▶ Problem
From the line containing "(总)多品家纺 2025春夏" down to the last line of the entries, print each line exactly and leave the pictures out.

* * * * * * * * *

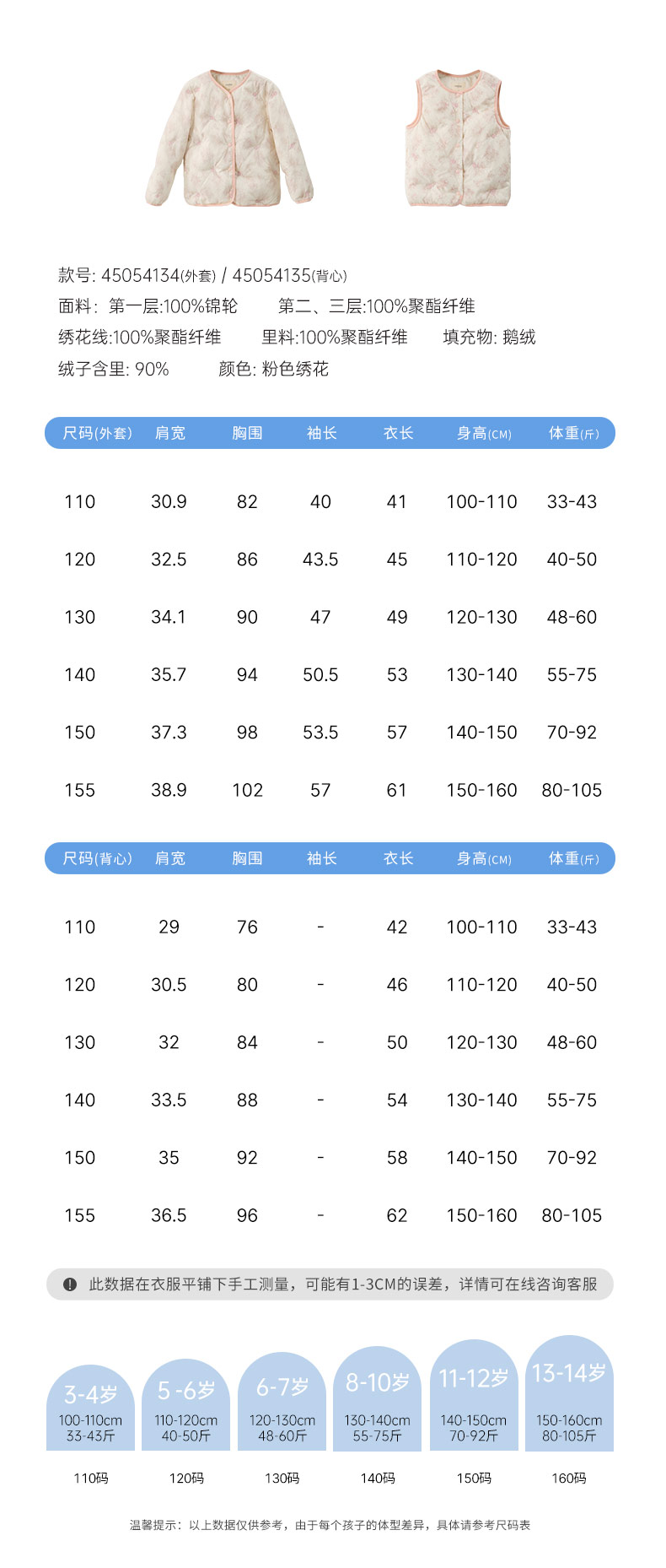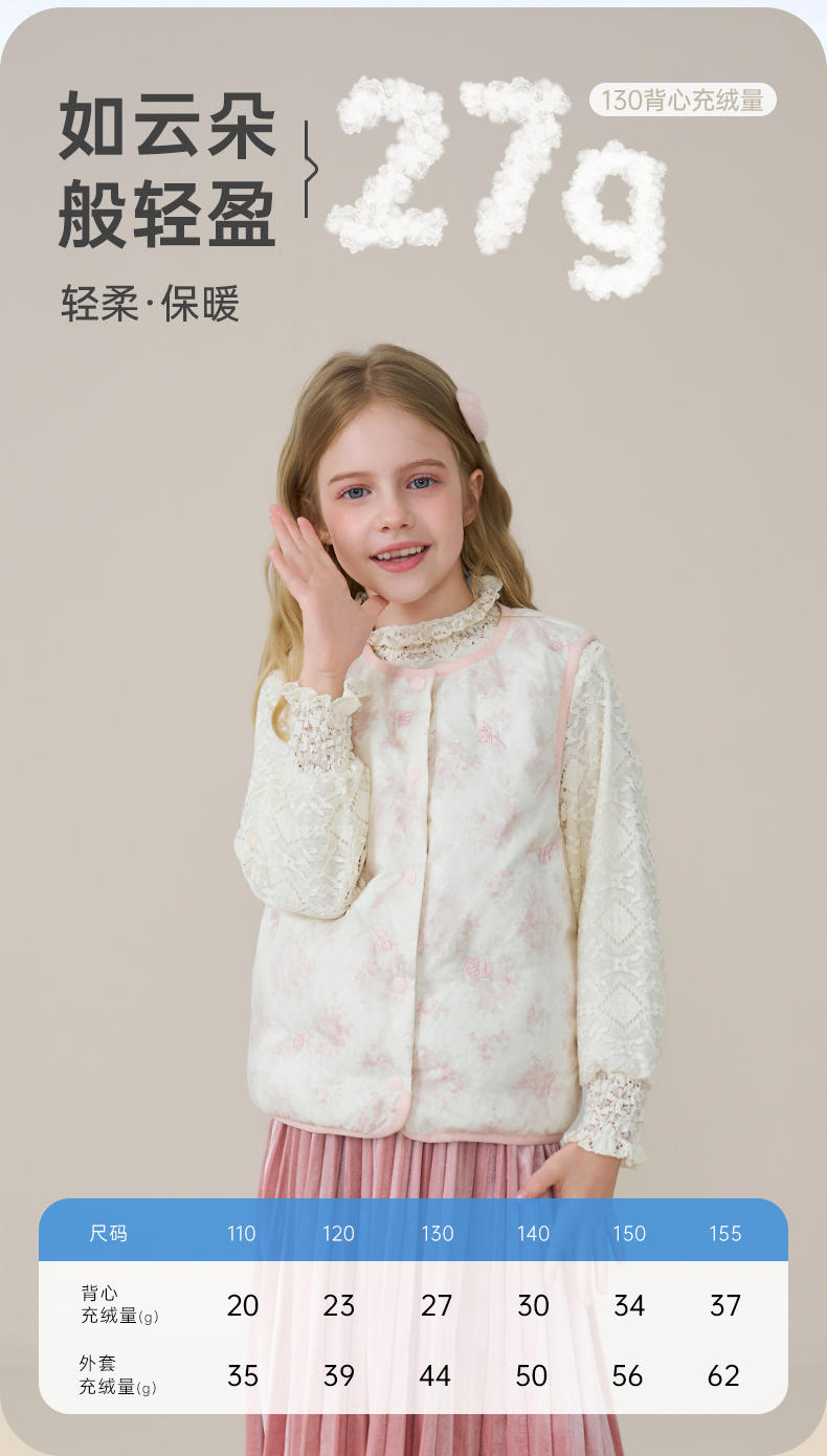 【鹅绒】儿童羽绒服2025秋冬新款女童背心轻薄新中式国风绣花马甲
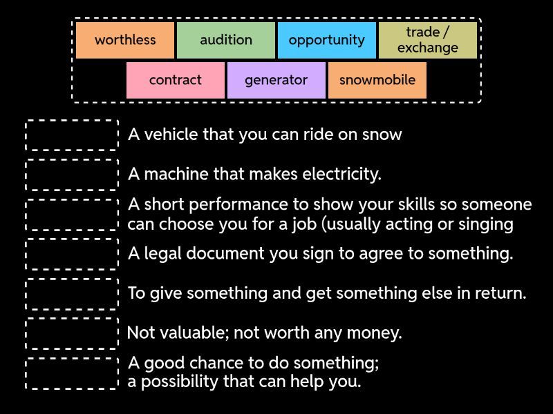 trade / exchange - To give something and get something else in return., worthless - Not valuable; not worth any money., opportunity - A good chance to do something; a possibility that can help you., generator - A machine that makes electricity., snowmobile - A vehicle that you can ride on snow, contract - A legal document you sign to agree to something., audition - A short performance to show your skills so someone can choose you for a job (usually acting or singing,
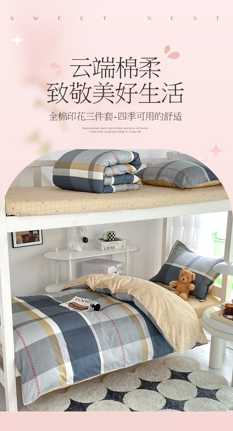 (总)多品家纺 2025春夏新款超柔水洗棉学生宿舍三件套,布鲁斯,丁香紫条,黑土地,幻影,简约格,焦糖甜心,可可西里,律动,蜜桃粉,墨尔本,暮落浅咖,糯米蓝条,奶酪芝士黄,青涩,日系黄条,松绿条,苏格兰,唯爱,星蓝
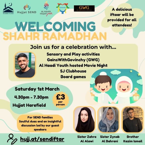 🌙All SEND families are invited to join us in welcoming Shahr Ramadhan! ⏰ 4:30-7:30pm 📍 Hujjat Harefield 🗓️ Saturday 1st March 2025 Kids: -Sports with Govinchy -multisensory carousel activities -physical play area -Al Haadi hosted…
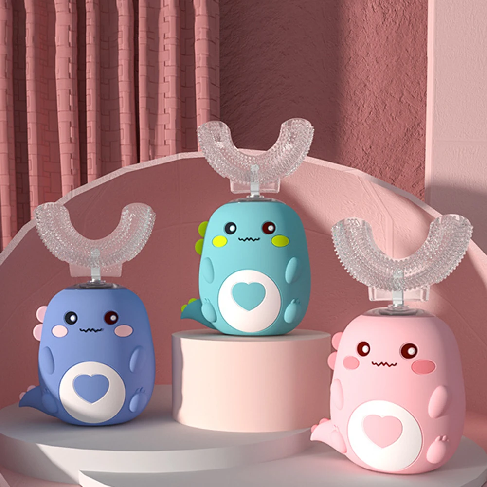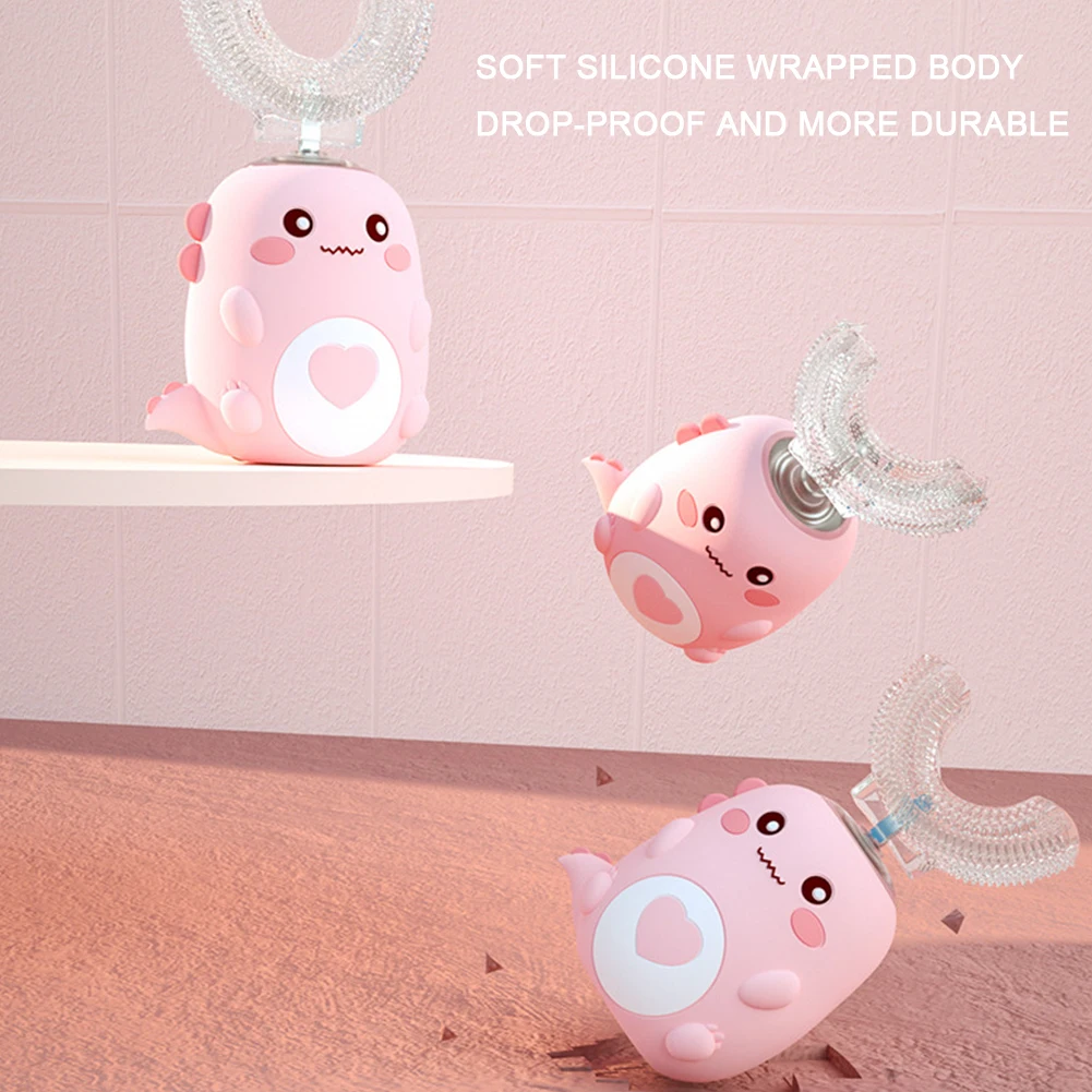 Children U-shaped Electric Toothbrush 360 Degrees Smart Cartoon Kids silicone Toothbrush Automatic Rechargeable Sonic Toothbrush
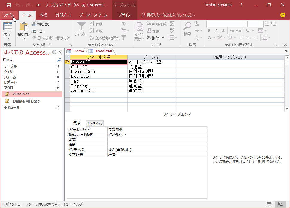 Access 2016を終了させずに、データベースだけを閉じるには、[ファイル]タブを開き、[閉じる]をクリックします。
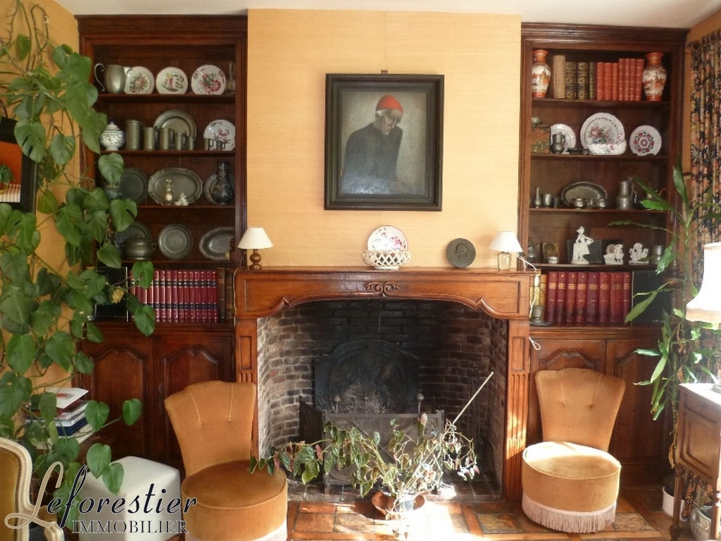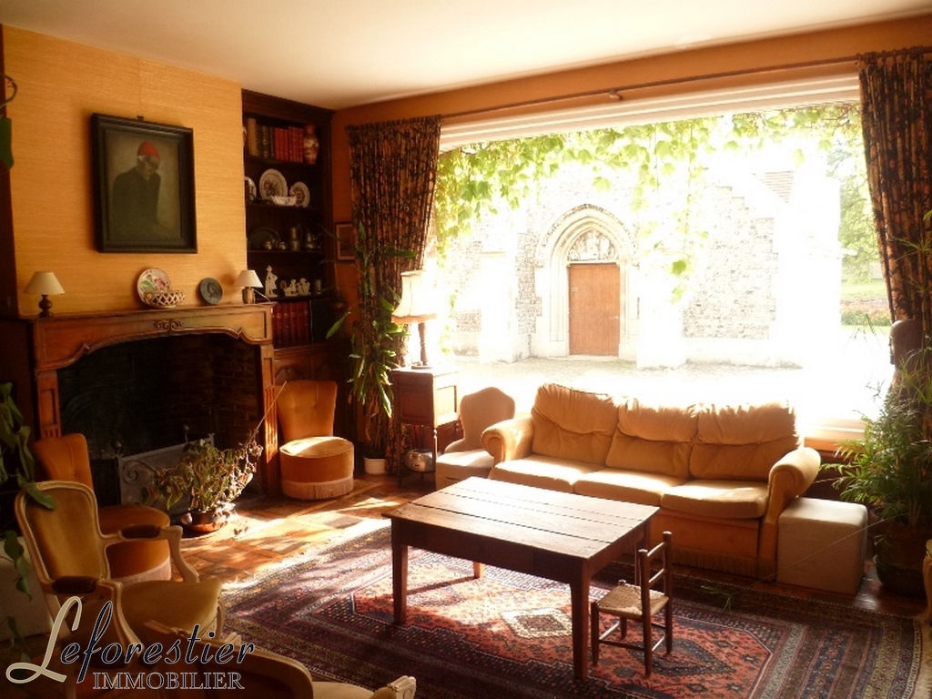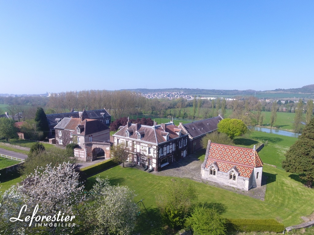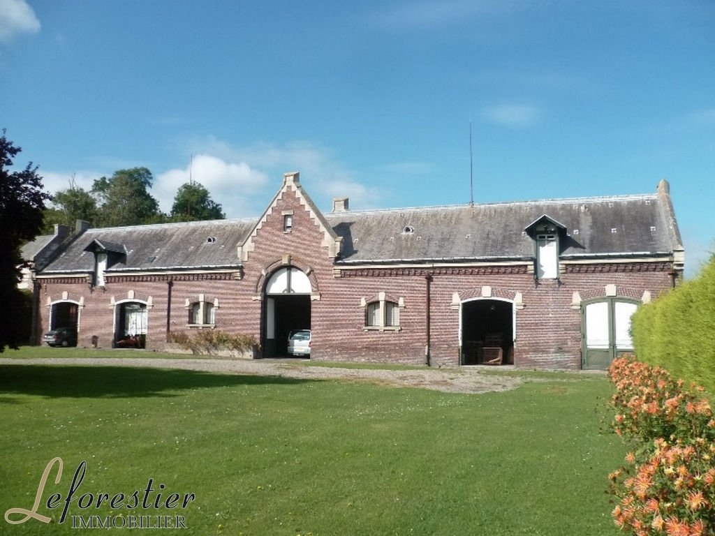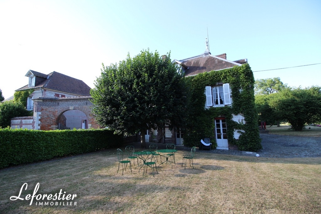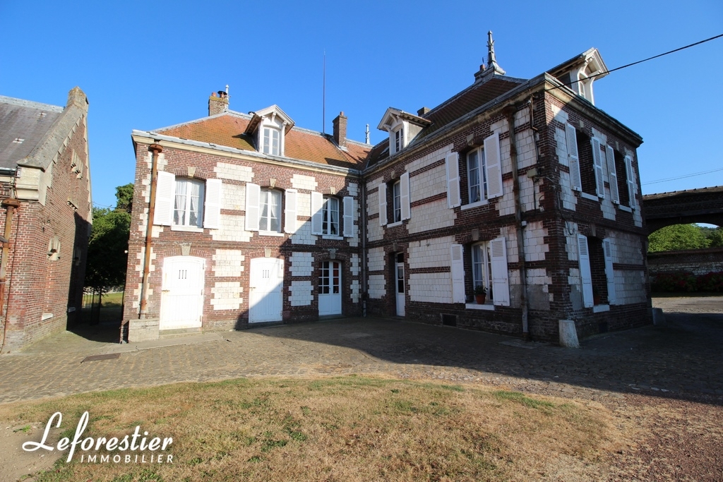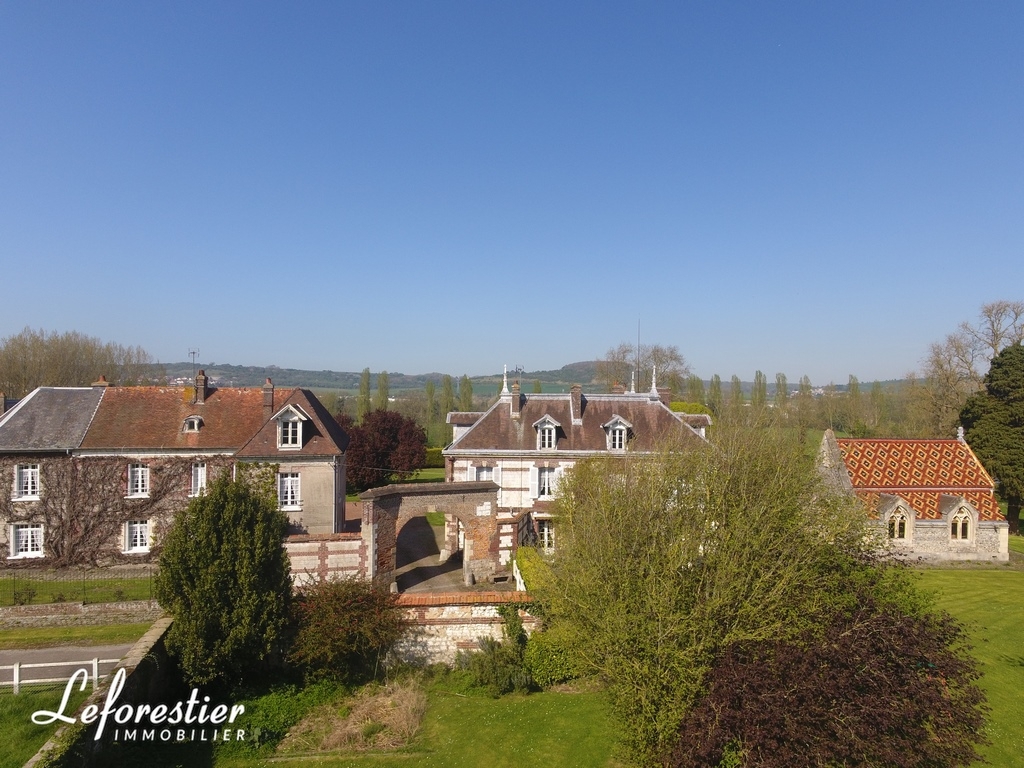 Overlooking the Bresle valley, the property is bordered by a small river which feeds the pond of the estate, 8 hectares of inconstructible meadows, an orchard, a wood, In the axis of the driveway that leads at the square court by a porch, we can see in the distance the belfry of of port city Le Tréport, with fishing, commerce and pleasure activities.

* * * * * * * * *

▶ Response area
 (总)多品家纺 2025春夏新款超柔水洗棉学生宿舍三件套,布鲁斯,丁香紫条,黑土地,幻影,简约格,焦糖甜心,可可西里,律动,蜜桃粉,墨尔本,暮落浅咖,糯米蓝条,奶酪芝士黄,青涩,日系黄条,松绿条,苏格兰,唯爱,星蓝
 🌙All SEND families are invited to join us in welcoming Shahr Ramadhan! ⏰ 4:30-7:30pm 📍 Hujjat Harefield 🗓️ Saturday 1st March 2025 Kids: -Sports with Govinchy -multisensory carousel activities -physical play area -Al Haadi hosted…
 Children U-shaped Electric Toothbrush 360 Degrees Smart Cartoon Kids silicone Toothbrush Automatic Rechargeable Sonic Toothbrush
 Access 2016を終了させずに、データベースだけを閉じるには、[ファイル]タブを開き、[閉じる]をクリックします。
 Overlooking the Bresle valley, the property is bordered by a small river which feeds the pond of the estate, 8 hectares of inconstructible meadows, an orchard, a wood, In the axis of the driveway that leads at the square court by a porch, we can see in the distance the belfry of of port city Le Tréport, with fishing, commerce and pleasure activities.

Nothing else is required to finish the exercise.